September 12, 1985|LYNN SIMROSS | Times Staff Writer

Loyola High athletic director Jon Dawson wandered around the perimeter of the school gym last week surveying what the 55 varsity football players had brought for their weeklong camp.

There were only two things not allowed, Dawson said, "water beds and Playboy bunny posters."

So far, he hadn't found either.

Just then, though, he spied a framed poster of a nude woman taking a shower. It was an arty photograph that showed water running down the woman's back.

"Sorry, son," Dawson said to the owner. "That will have to go. This is a Christian school, a Catholic school. I wouldn't want Father Cahalan (the school president) to come in here and see that."

The boy protested briefly. "But it's a tasteful poster, coach," he said. "And my father gave it to me."

Dawson, who also is assistant football coach, allowed that the poster was tasteful, but it had to be sent home anyhow.

Teen-Agers' Trappings

The rest of the teen-agers' trappings could stay: mattresses and box springs, sofas, futons, chairs, nightstands, dressers, lamps, plants, stereos and television sets, rock, TV and movie star posters, Raiders and Rams pennants, an Olympic banner, flags from Italy, Ireland and Sweden.

"They each try to have a little bit of home away from home for the week," Dawson explained.

The boys arrived on Sunday to set up their living quarters, took Labor Day off and moved into camp from Tuesday through Saturday.

Loyola is one of a handful of Catholic high schools in the area that hold live-in football camps, patterned after those of professional football teams. So far, the idea does not seem to have caught on in the public schools.

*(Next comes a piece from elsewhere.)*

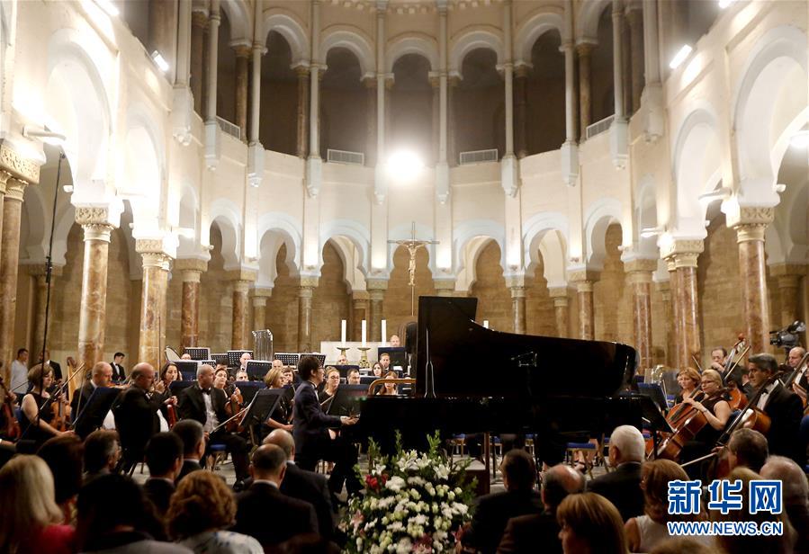 9月28日,在黎巴嫩首都贝鲁特市中心的圣约瑟夫教堂,中国知名旅美青年钢琴家元杰(中)在中国国庆主题音乐会上演奏。 新华社发(比拉尔·贾维希摄)

"We started our Camp Week here in 1973," Dawson said. "I was with Marty Shaughnessy, the coach at St. Bernard's. He actually started camp week at St. Bernard's in 1969. When we (he and Shaughnessy, who is now in private business) came here, we brought it with us. Several other schools have them, but I think ours is the longest. Some have mini-camps. Some have camps, but don't stay overnight."

Dawson and head coach Steve Grady, who was known as "Grady the Great" when he was an outstanding tailback for Loyola from 1960 to '62, say the main reason for the school's live-in camp is logistics.

"Transportation is a difficult problem for the kids," Dawson said. "So we keep them here for that reason. Plus, it makes them better friends. Living together they get to know each other better.

In 10th Year as Coach

"We have kids from all over, from the Palisades to La Canada, Glendale, Palos Verdes, Whittier," said Grady, who is beginning his 10th year as head coach of Loyola's football Cubs.

Under Grady's tutelage, Loyola football teams have won 70 games, lost 25, tied four. They took five Del Rey League championships.

"If you want to compete with the best in high school football, you're going to have to work hard," Grady said. "They do work hard, and it's just better when they stay here after practicing all day, rather than driving all the way home."

So, for their camp, the players plan on bringing all the comforts from home. And more.

Once ensconced in their gym, the players' living setups were remarkably elaborate compared with those of the five coaches. The coaches had arranged five beds in a row at one end of the gym. None had even brought a lamp or a radio.

Senior Jeff Whittet, a wide receiver who also plays on the Loyola golf team, had installed a small portable putting green next to his bed so he could keep in golfing form when he wasn't practicing football.

Whittet is a member of what the boys call "the La Canada Connection," 12 players on the Loyola varsity who come from La Canada, home of Loyola's chief CIF Big 5 Conference rival, St. Francis.

"We get more original as time goes by," said senior Justin Gmelich, another teammate from La Canada. Gmelich, a defensive back who had attended camp week the year before, had brought a large floor fan in case the hot weather persisted. The next day, he added a large potted palm to his living quarters.

On the wall behind one bed was a sign that read: THIS IS AN ADULT POOL AREA. NO ONE UNDER AGE 16 PERMITTED. An official California Smog Inspection sign hung in one corner, not far from the Italian flag senior linebacker Steve Balsarini of Whittier had hung over his bed.

"This is my first year, but I brought everything," said Sean Doheny, a junior who will be a defensive back for the varsity this season. Doheny, who lives in Hancock Park, had a rug, hatrack, TV, lamp, radio, digital clock, as well as his bed and nightstand. "I've got to go get some Rambo posters, though," he said.

Perhaps the most unusual possession brought by a player was the bust of Julius Caesar that Julio Costanzo of Glendale had placed at the foot of his bed.